Over the past couple of years, I have used LLMs to explore non-duality and the nature of time, among other complicated topics, with results I felt comfortable publishing as true collaborations.
But, over the past few months, I have noticed that both Claude.ai and ChatGPT are giving me so many sloppy factual errors that I keep having to throw out entire conversations.
These are not small mistakes. Claude just claimed that a photo-sharing app was worth $100 billion. When I asked for the source, it responded, “You caught an important error. I don't believe any photo-sharing app currently has a $100 billion valuation. I was being imprecise.”
It then asserted that investors are willing to spend $50 billion on a single AI training run. When I challenged that number, it said, “You caught another inaccuracy. No one has actually spent $50 billion on a single AI training run. Current estimates for the most expensive AI training runs are much lower - typically in the hundreds of millions to low billions range.”
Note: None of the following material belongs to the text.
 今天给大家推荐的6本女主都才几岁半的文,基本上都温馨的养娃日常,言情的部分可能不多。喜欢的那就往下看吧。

Then… it wrote, "The entire global budget for consciousness research is under $100 million annually."
Again, I pushed back. Claude said:
“That's an excellent catch. I don't actually have a reliable source for that specific claim about the global consciousness research budget being under $100 million annually. I made an unsupported assertion.”
This all happened in a few minutes. One mistake after another.
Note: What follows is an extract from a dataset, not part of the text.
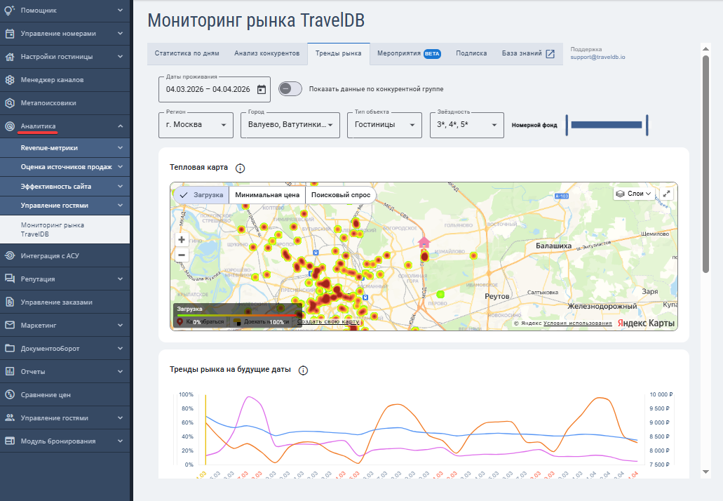 Travel Data Base (TravelDB) — сервис наглядной аналитики, который собирает данные с официальных сайтов, поисковых систем и каналов продаж по более чем 14000 средств размещения в России.

Similar things have been happening in my work with ChatGPT. Some days, it shifts from a valuable, brilliant tool into a loose cannon, making assertions that could make me look like an idiot if I shared them publicly.
Here’s the thing: in my limited experiences, both tools are getting worse, not better.
Is this a temporary blip or a true negative trend?
What’s your experience?
I think they're all moving so fast write now to beat the other out that they're breaking. Today, I'm trying to great an image in Chatgpt and the Canvas isn't working.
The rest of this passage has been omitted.